In sharp contrast, some greenhouse gases have biogeochemical properties that lead to atmospheric retention times (lifetimes) of centuries or even millennia. These gases can accumulate in the atmosphere whenever emissions exceed the slow rate of their loss, and concentrations would remain elevated (and influence climate) for time scales of many years even in the complete absence of further emission. Like the water in a bathtub, concentrations of carbon dioxide are building up because the anthropogenic source substantially exceeds the natural net sink. Even if human emissions were to be kept constant at current levels, concentrations would still increase, just as the water in a bathtub does when the water comes in faster than it can flow out the drain. The removal of anthropogenic carbon dioxide from the atmosphere involves multiple loss mechanisms, spanning the biosphere and ocean (see Section 2.4), and carbon dioxide removal cannot be characterized by any single lifetime. Although some carbon dioxide would be lost rapidly to the terrestrial biosphere and to the shallow ocean if human emissions cease, some of the enhanced anthropogenic carbon will remain in the atmosphere for more than 1,000 years, influencing global climate (Archer and Brovkin, 2008). The warming induced by added carbon dioxide is expected to be nearly irreversible for at least 1,000 years (Matthews and Caldeira, 2008; Solomon et al., 2009), see Section 3.4.

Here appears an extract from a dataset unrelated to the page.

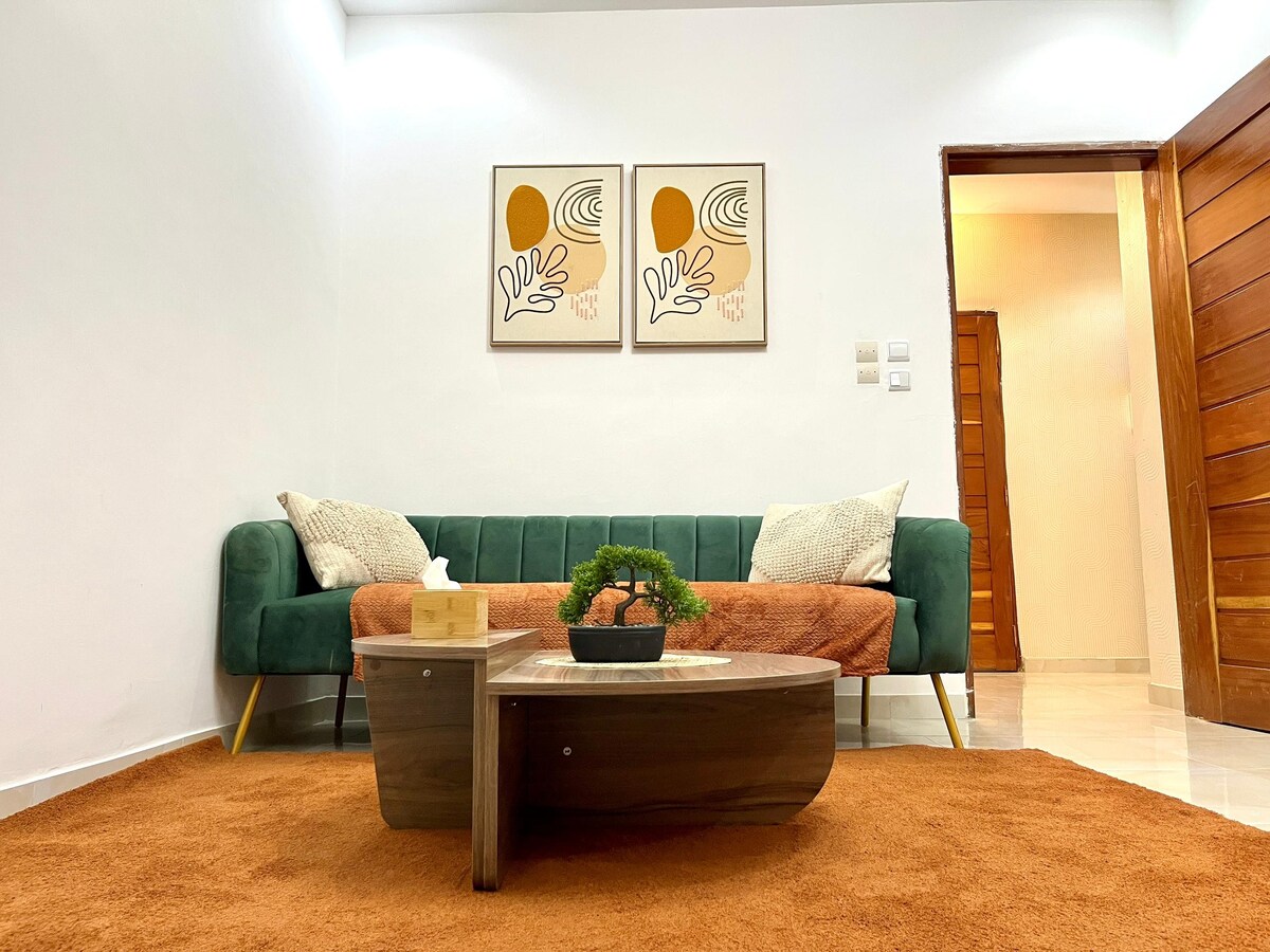 Détendez-vous dans ce logement calme et élégant.Bienvenue dans cet appartement moderne et raffiné, idéal pour les familles ou groupes d’amis. Il offre 1 chambres confortables, un salon spacieux et lumineux, une cuisine entièrement équipée, ainsi que 1 salles de bain modernes pour un confort optimal. L’espace, chaleureux et convivial, est parfait pour se détendre et partager des moments inoubliables. Profitez de cet hébergement élégant, situé à proximité de toutes commodités.

Figure 2.1 shows that carbon dioxide is the largest driver of current anthropogenic climate change. Other gases such as methane, nitrous oxide, and halocarbons also make significant contributions to the current total CO2-equivalent concentration, while aerosols (see Section 2.3) exert an important cooling effect that offsets some of the warming. The best estimate of net total CO2 equivalent concentration of the sum across these forcing agents in the year 2005 is about 390 ppmv (with a very likely range from 305 to 430 ppmv). Global carbon dioxide emissions have been increasing at a rate of several percent per year (Raupach et al., 2007). If there were to be no efforts to mitigate its emission growth rate, scenario studies suggest that carbon dioxide could top 1,000 ppmv by the end of the 21st century. Carbon dioxide alone accounts for about 55% of the current total CO2-equivalent concentration of the sum of all greenhouse gases, and it will increase to between 75 and 85% by the end of this century based on a range of future emission scenarios (see Section 2.2). Thus carbon dioxide is the main forcing agent in all of the stabilization targets discussed here, but the contributions of other gases and aerosols to the total CO2-equivalent remain significant, motivating their consideration in analysis of stabilization issues.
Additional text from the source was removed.